Proprio di questo grande artista vorrei dire qualcosa in quanto testimone diretto. Io ho avuto l’onore di conoscere “de visu” Mario Filippeschi - egli era già stato a Lecce, nella stagione lirica 1948/49, sempre al teatro Apollo, dove debuttò in Bohème con la Pederzini, un successo esaltante, dopo il famoso do di petto di “che gelida manina” - ed io ero in scena con lui, ma nelle voci bianche a cantare “... ecco i giocattoli di Parpignol” - non lo posso dimenticare.

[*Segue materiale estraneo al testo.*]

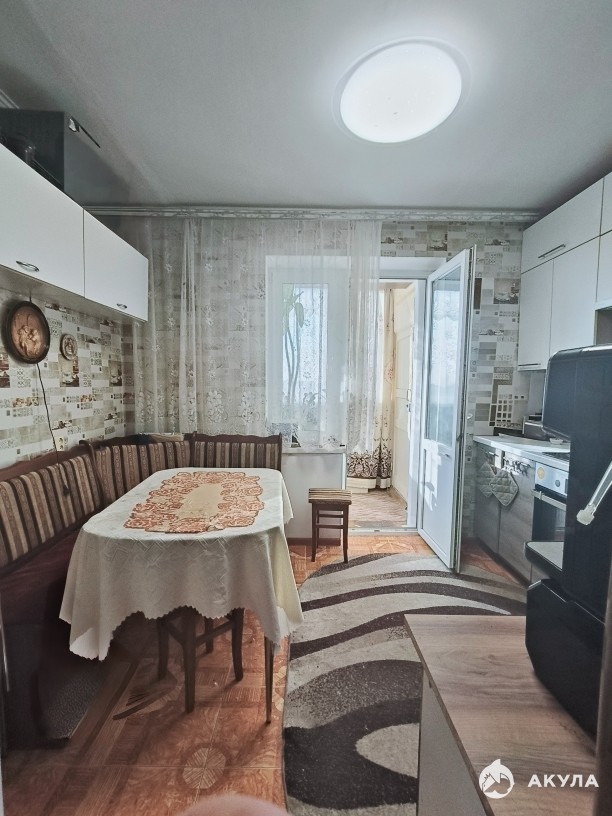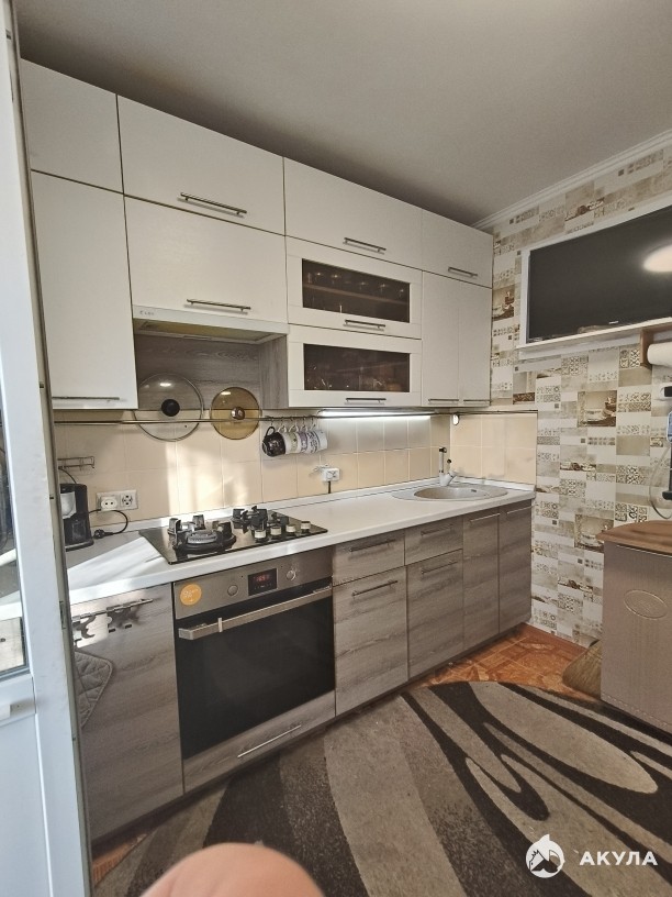 Кухня с газовой плитой и оставшимся кухонным гарнитуром — готовьте с удовольствием.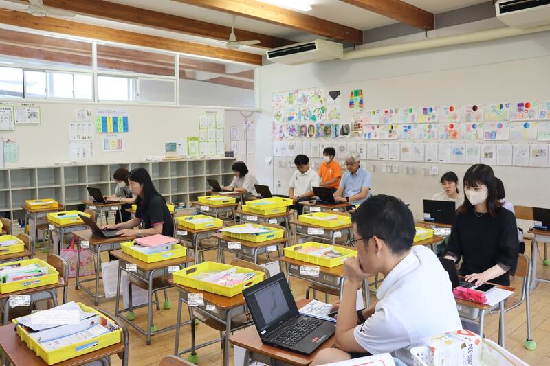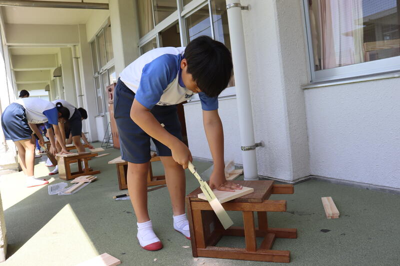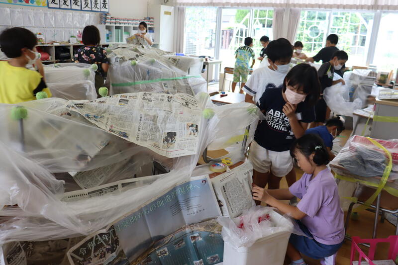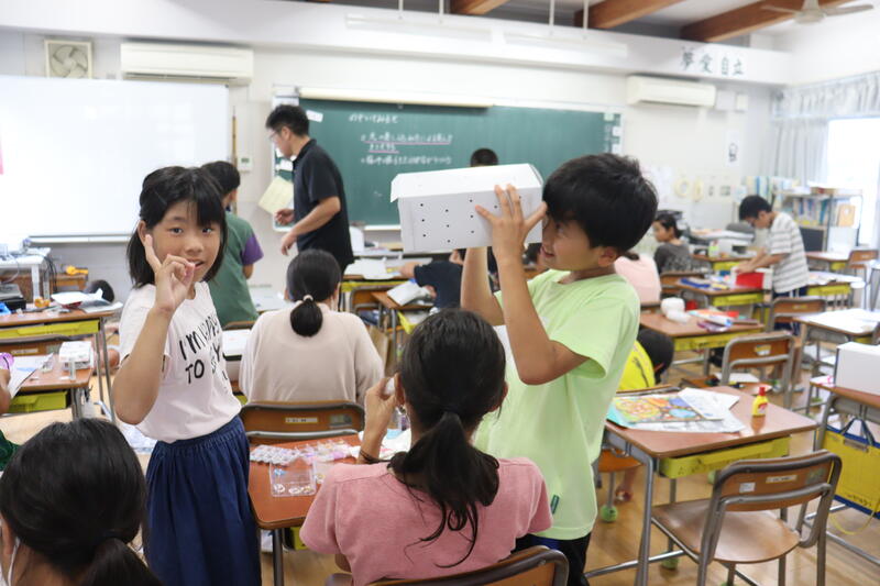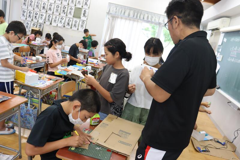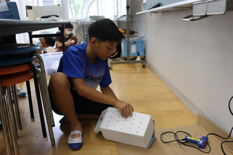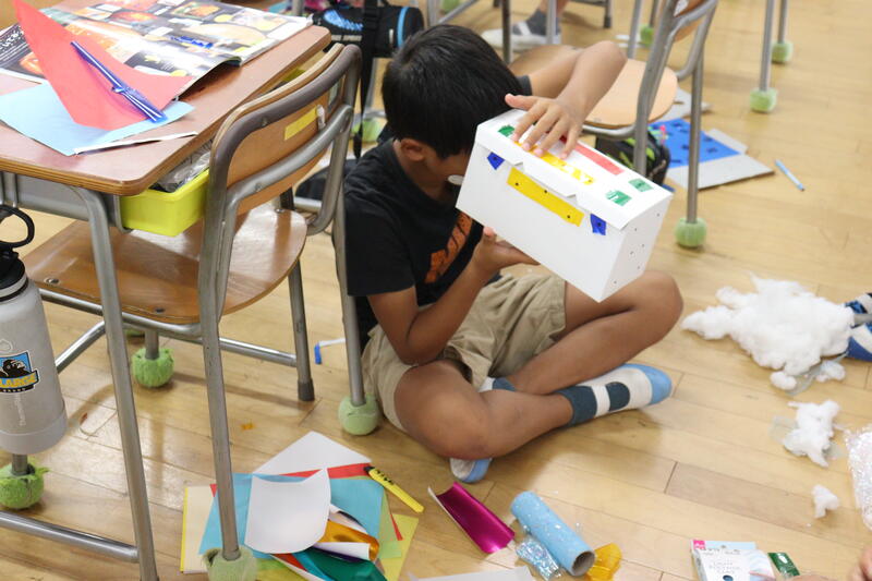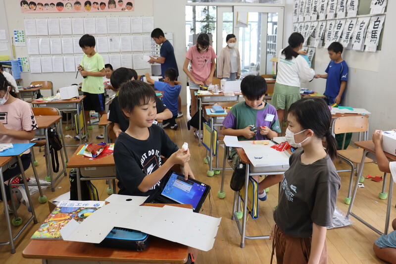 理科室では、「科学発明展」に出品する作品を仕上げていました。夏休みを使って、実験や観察をがんばってきた人がたくさんいました。ユニークな実験や発明もあり、子どもたちのアイデアに感心しました!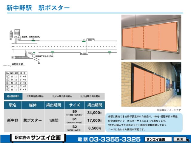 この度は、東京メトロ丸の内線 新中野駅の駅貼りポスター(駅に貼るポスター)のご案内です。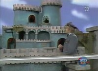 A dark purple cover underneath the Trolley track is used to hide the puppeteers (likely Fred Rogers) as King Friday and Queen Sara stand outside the castle.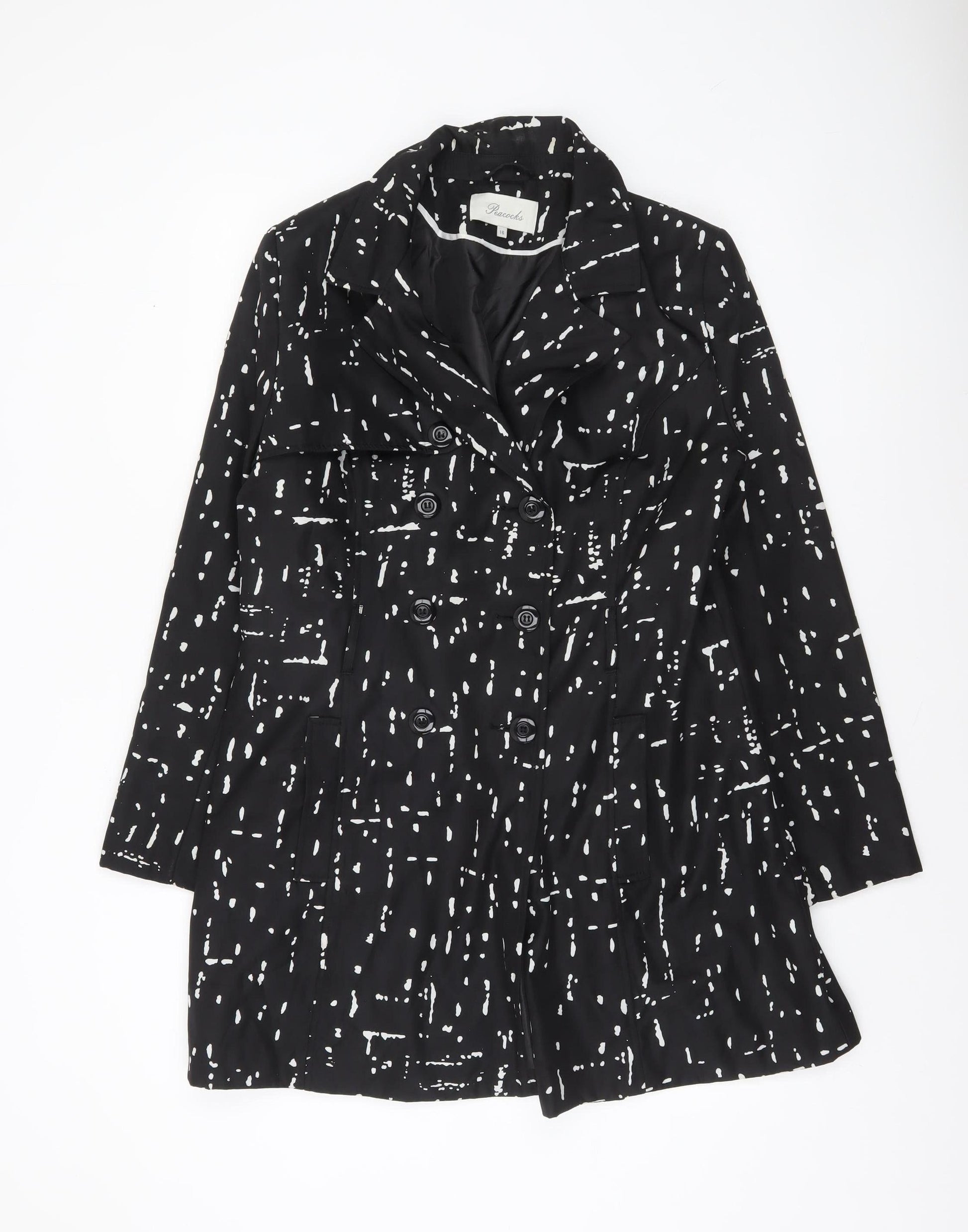 Peacocks Women's Black White Patterned Trench Coat Size 16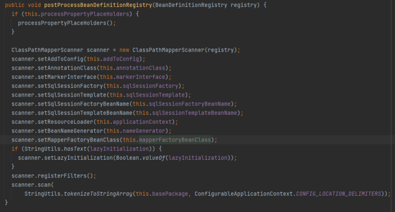 它是BeanDefinitionRegistryPostProcessor的实现类,是一个BeanFactory后置处理器,Spring会调用该类的postProcessBeanDefinitionRegistry方法来添加beanDefinition的操作,MapperScannerConfigurer这个类中具体实现如下: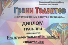 Инструментальный ансамбль "Фантазия" - Лауреат 3 степени;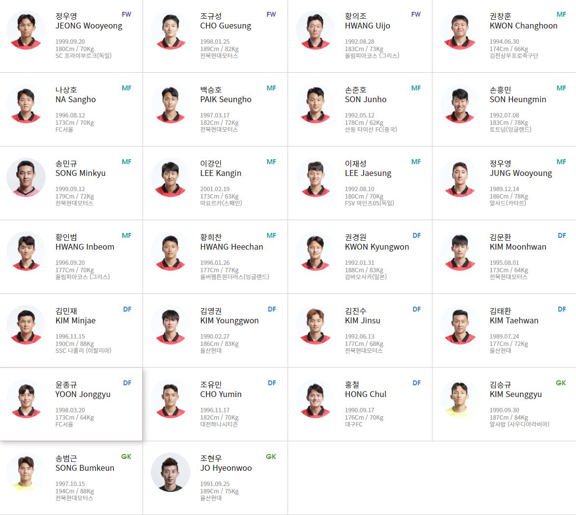 권경원, 김문환, 김민재, 김영권, 김진수, 김태환, 윤종규, 조유민, 홍철 - GK

Filippeschi era un bell’uomo, un fiorentino doc e il soprano se lo mangiava con gli occhi, ed in scena si baciavano veramente.



Voce possente, da lirico spinto, colore bellissimo, caldo morbido, timbro che ricordava Lauri Volpi altra celebrità di quell’epoca, che a Lecce, guarda caso, cantò, proprio, la Fanciulla del West. Ma la carriera artistica di Mario Filippeschi, ebbe le più clamorose affermazioni in America del Sud, Argentina, Cile, Brasile, Uruguai ecc., ecc., ove si esibivano i più noti e famosi cantanti spagnoli, poi è ritornato in Italia, dopo i grandi successi al Covent-Garden di Londra, proprio in Trovatore e Un ballo in maschera.



Lo ricordo sempre con grande emozione, perché su di lui ho fatto delle ricerche, ma come spesso accade la storia dei cantanti di musica lirica, si limita a ricordare i grandi del melodramma italiano, con ridotte recensioni sui giornali e poche incisioni, giacchè stiamo parlando di gente che è vissuta ed ha concluso la propria carriera artistica negli anni cinquanta del secolo scorso, quando la tecnologia del suono non disponeva di mezzi adeguati e sofisticati come gli attuali, allora com’è noto incidevano le romanze più conosciute ed amate dal pubblico su dischi a 78 giri in vinile, ed erano in pochi ad acquistare quel tipo di musica! Filippeschi a parere del sottoscritto (non voglio fare il critico) rimane uno dei più grandi tenori nel firmamento della musica lirica italiana e certamente un campione nella emissione delle note acute, come nella romanza “Di quella pira”.